A COOH-terminal peptide confers regiospecific orientation and facilitates atomic force microscopy of an IgG1.

C R Ill 1, V M Keivens 1, J E Hale 1, K K Nakamura 1, R A Jue 1, S Cheng 1, E D Melcher 1, B Drake 1, M C Smith 1
PMCID: PMC1262406  PMID: 8471734

Abstract

An antibody (IgG1) was designed for oriented adherence to a metal-containing surface. This was achieved by adding a metal-chelating peptide, (CP = His-Trp-His-His-His-Pro), to the COOH-terminus of the heavy chain through genetic engineering. Electroporation of the engineered heavy chain gene into cells expressing the complimentary light chain yielded colonies secreting an intact antibody containing the metal-chelating peptide (IgG1-CP) which had high affinity for a nickel-loaded iminodiacetate column.
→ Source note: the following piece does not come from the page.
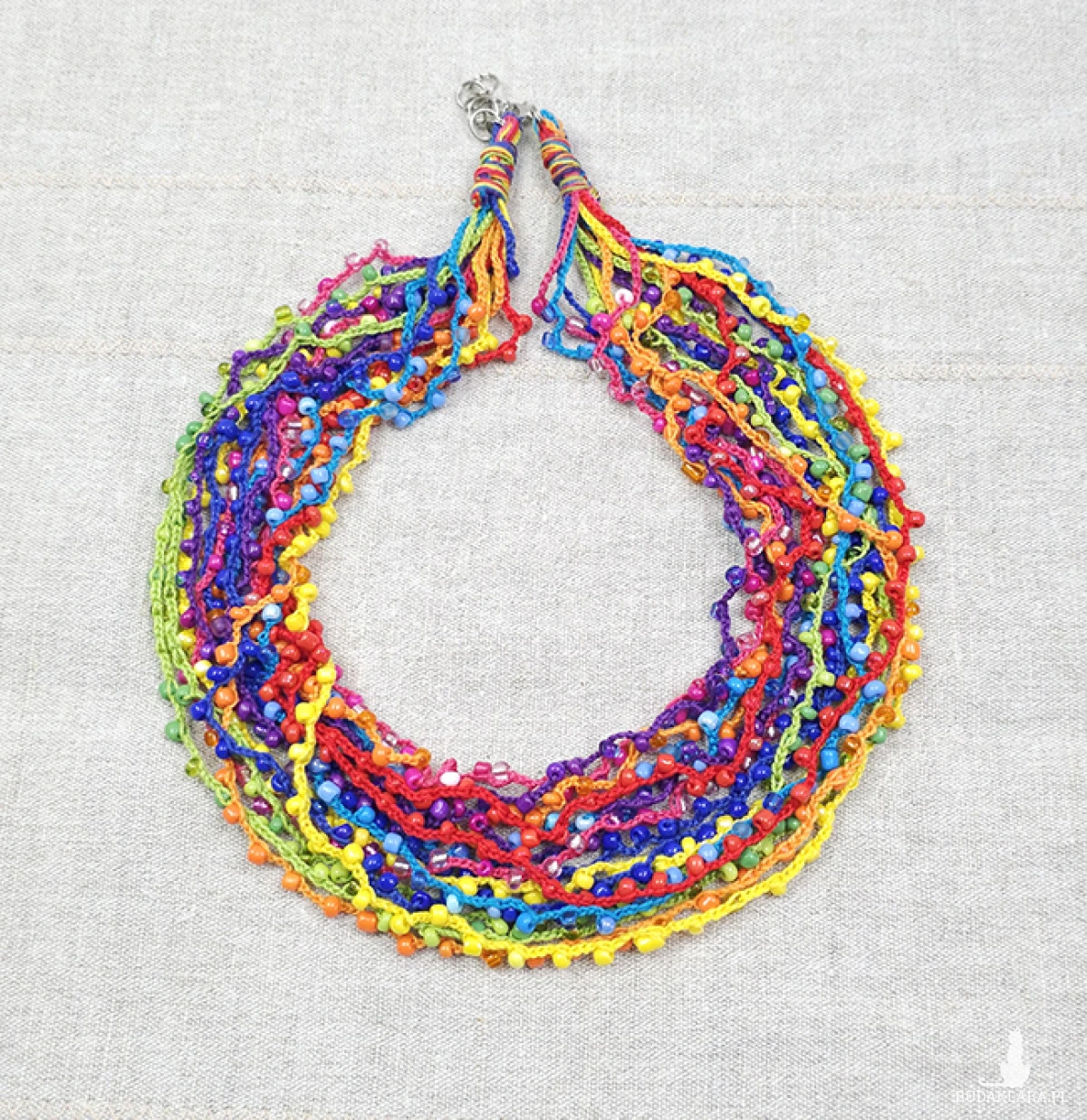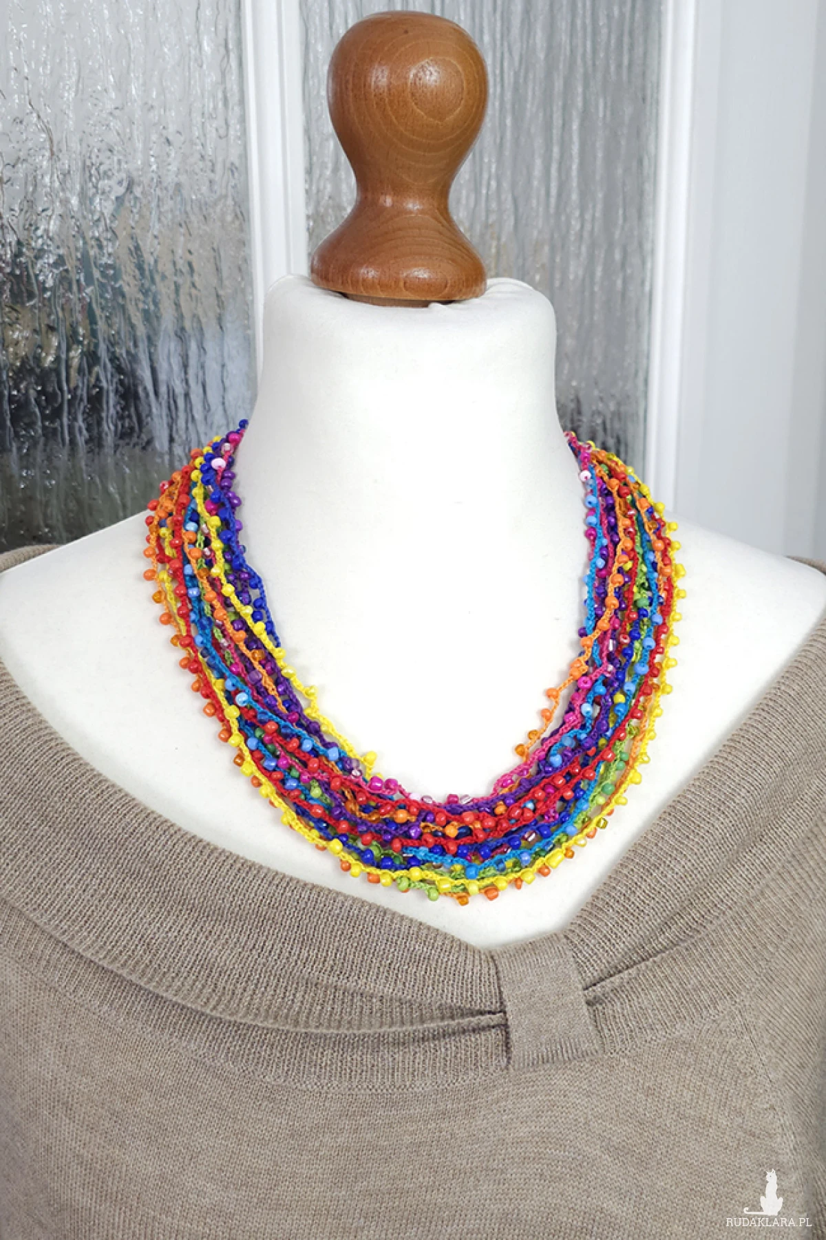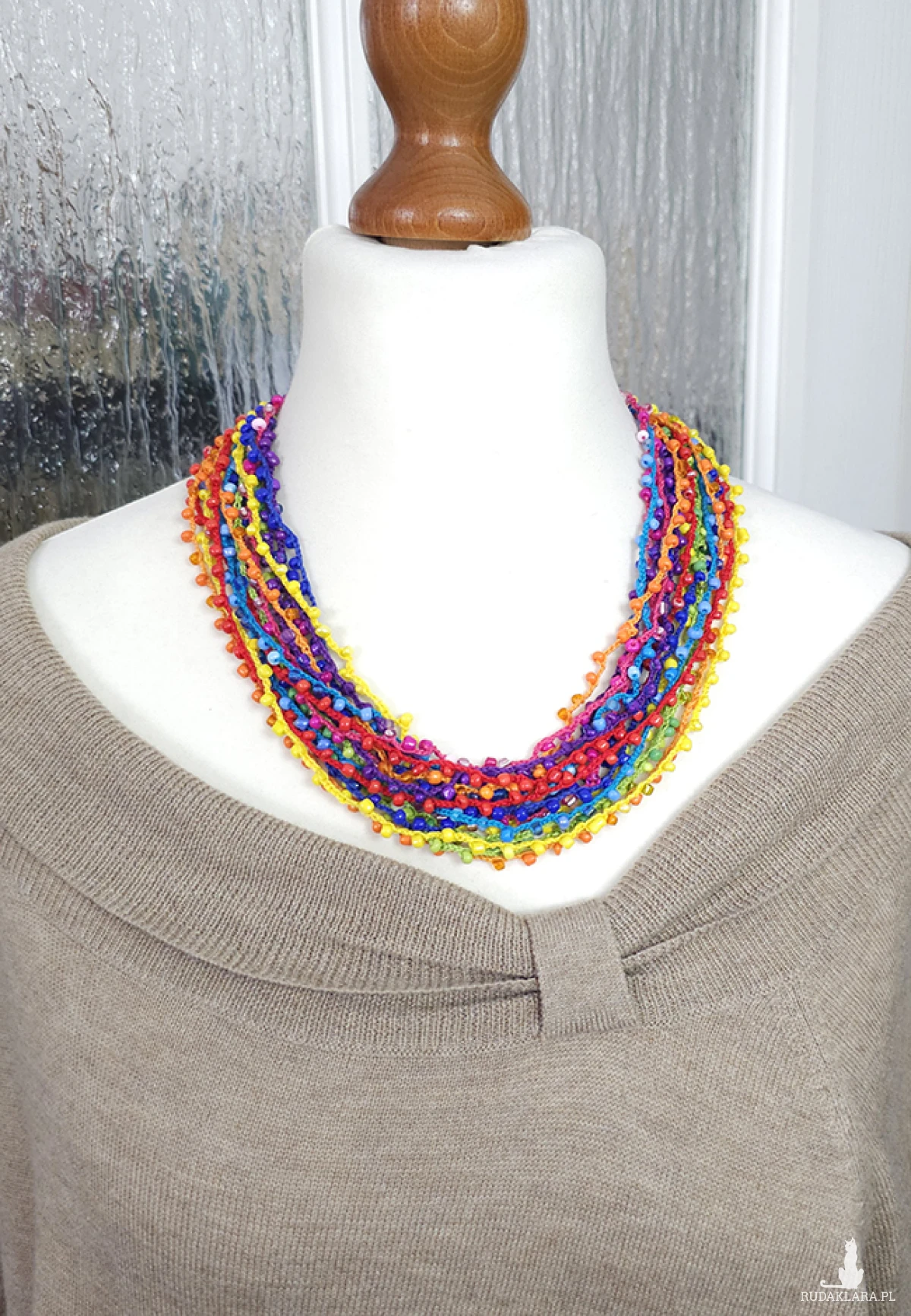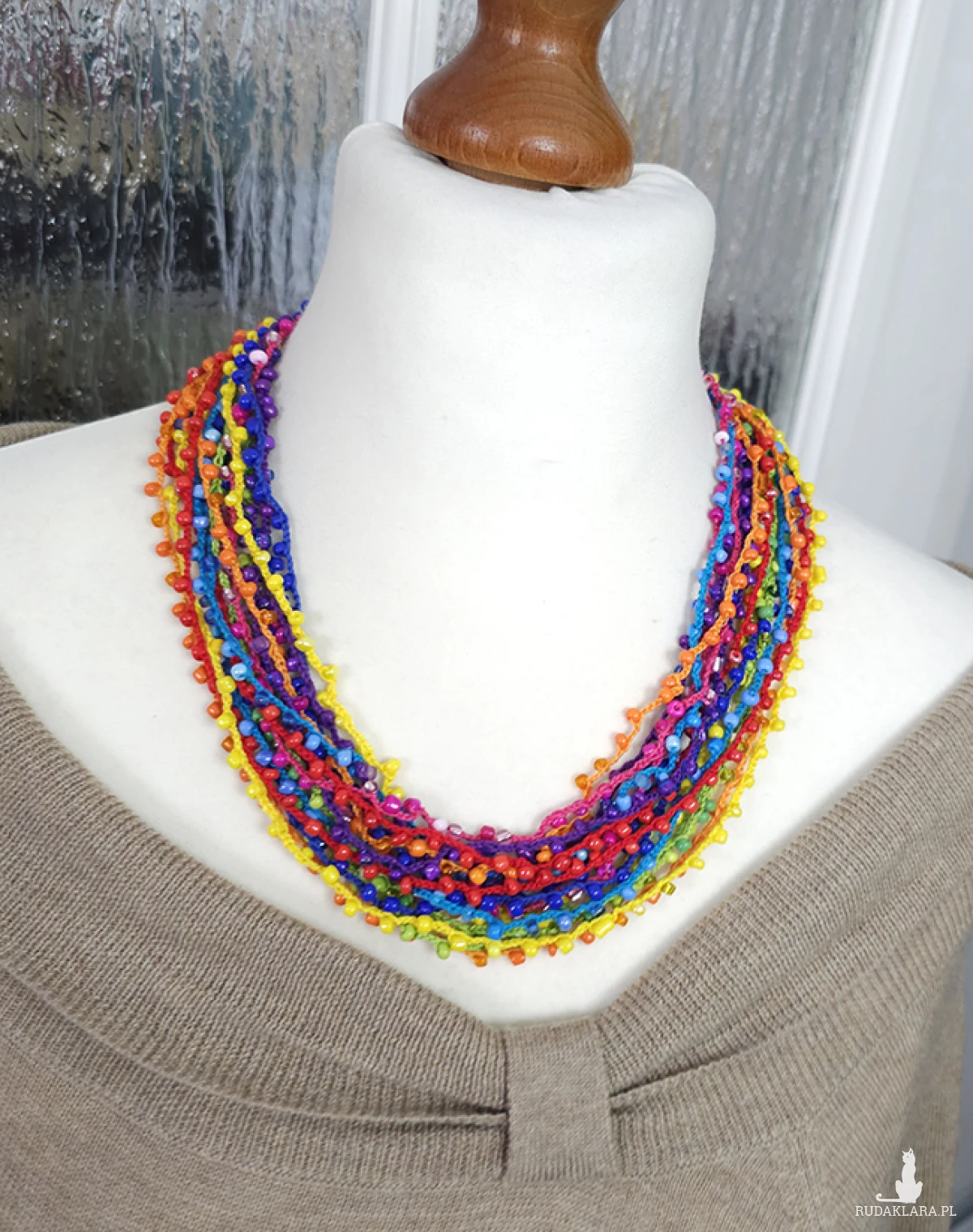 Ręcznie robiony, z 15 cienkich sznurków, które splatają się w barwną, wielowarstwową kompozycję. Każdy sznurek ozdobiony jest drobnymi, szklanymi koralikami o średnicy 3-4 mm, które mienią się w odcieniach tęczy, od soczystej czerwieni, przez pomarańcz, żółty, zielony, aż po głęboki błękit i fiolet.

Purified IgG1-CP was bound to nickel-treated mica and imaged by atomic force microscopy (AFM). Antibody lacking the COOH-terminal metal binding peptide failed to produce discernible AFM images. The AFM images of individual IgG1-CP molecules and their calculated dimensions demonstrated that regiospecific binding and uniform orientation of the antibody was imparted by the peptide. The ability to stably orient macromolecules in their native state to a surface may be used advantageously to visualize them.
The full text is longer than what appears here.